For this question, you have two variables. The number of marbles, and the er, 'filledness' of the bowl (excuse my made-up word). You need a way to link the two variables together at least, for the answer to be somewhat possible. So (1) alone is not sufficient, because we are only talking about proportions of marbles and proportion of the bowl filled, regardless of what the actual fractions are. There's no way to work out the number of marbles in this case. We need to have at least a specific number of marbles corresponding to a proportion, somewhere, to maybe figure it out. (2) specifies a number of marbles, but doesn't correlate this to a particular proportion. So no, (2) is not sufficient either.
Then, if we have both... so from (1), we can figure out that 1/2 of the capacity of the bowl is equal to 3/4th the number of marbles initially there.
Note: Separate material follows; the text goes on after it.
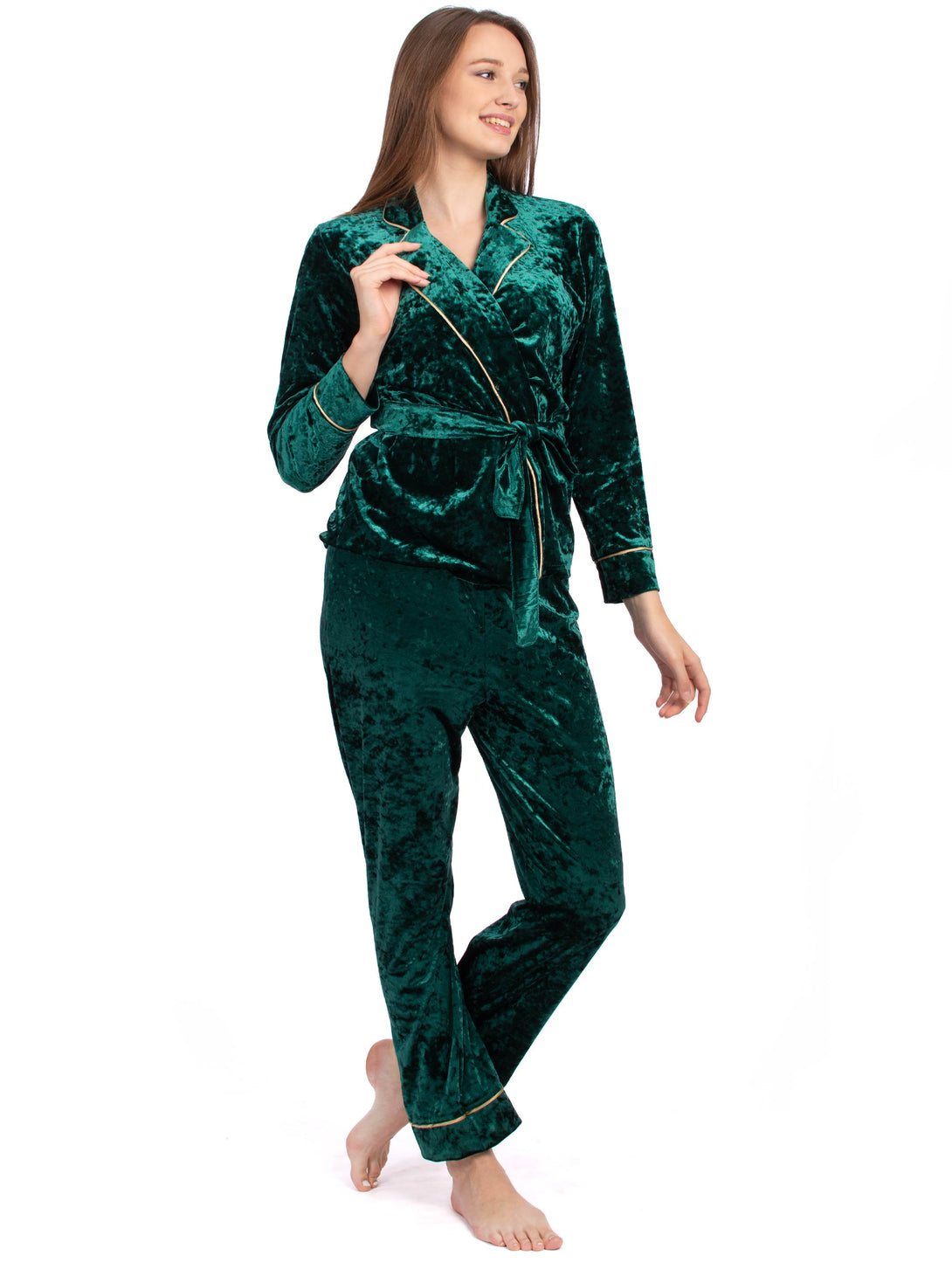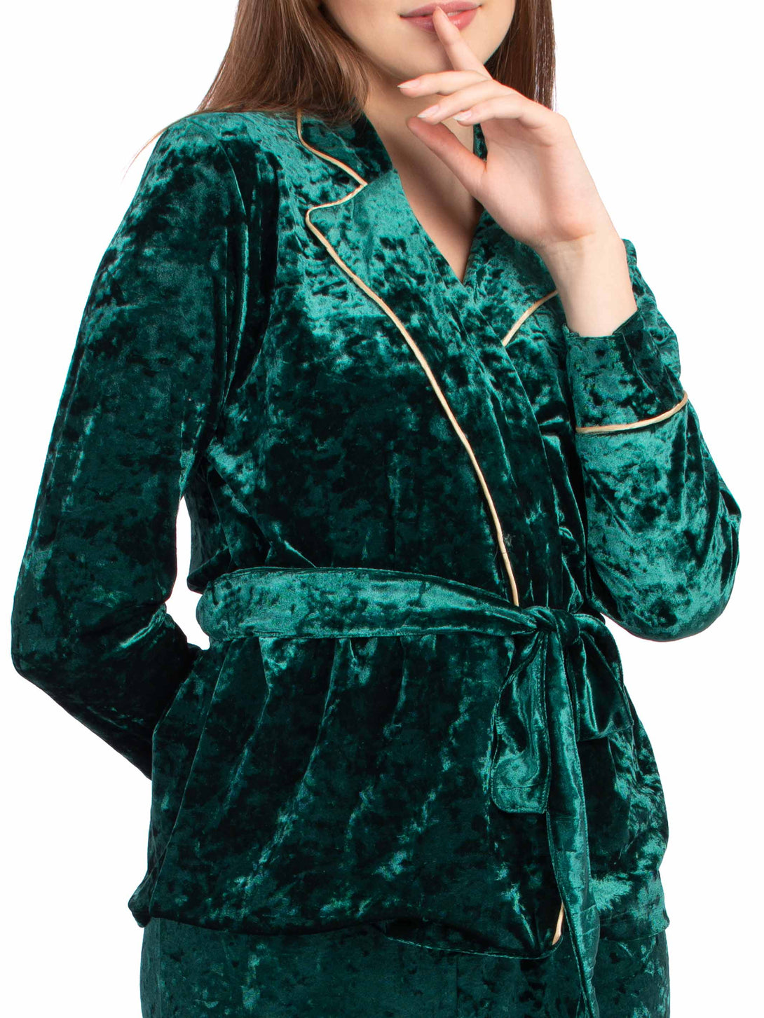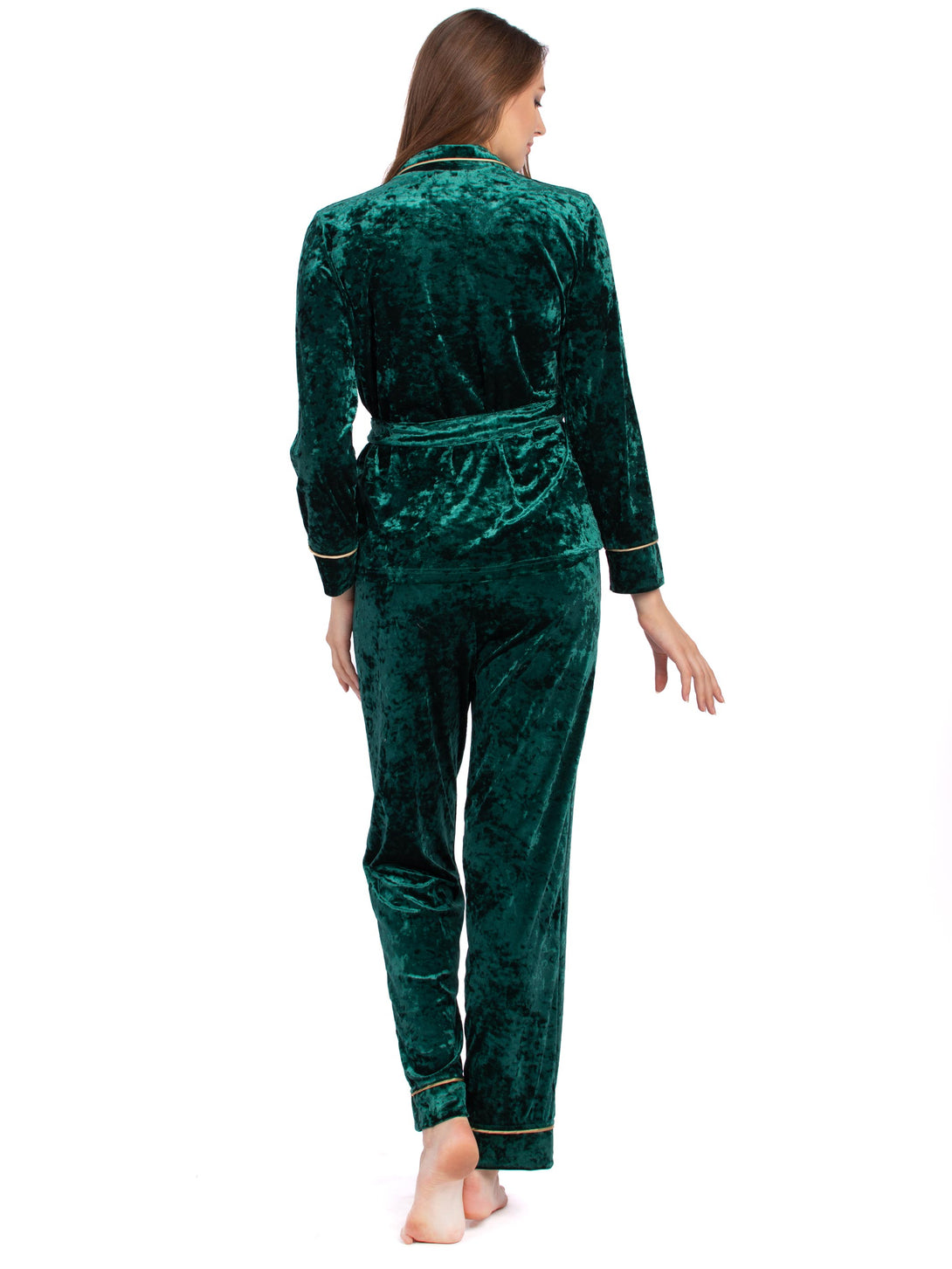 Double-breasted velvet set, Jacket and a tie belt at the waist. Bottoms with an elasticated waist and straight legs.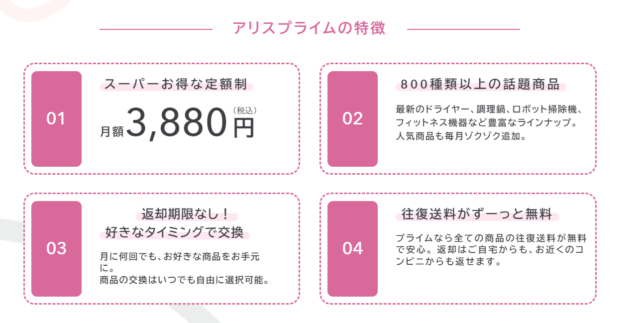 アリススタイルの定額レンタルプラン【アリスプライム】をご存じですか?

If that's the case, then at the original number of marbles must be the reciprocal of 3/4 * 1/2, so 4/6 (or rather, 2/3) of the bowl was initially filled with marbles. We can work this backwards to be sure: if the bowl was 2/3 filled, and we took out 1/4th of the marbles, then we have 2/3 * 3/4 = 6/12, or 1/2. Now, knowing how much of the bowl was initially filled, we know from (2) that adding 100 marbles fill up the bowl, so in this case 100 marbles = 1/3rd of the bowl, and thus 2/3rd of the bowl would be filled with 200 marbles, which is also the starting number of marbles.
Tada! I hope. Not a math expert, but that's my two cents. Answer is C.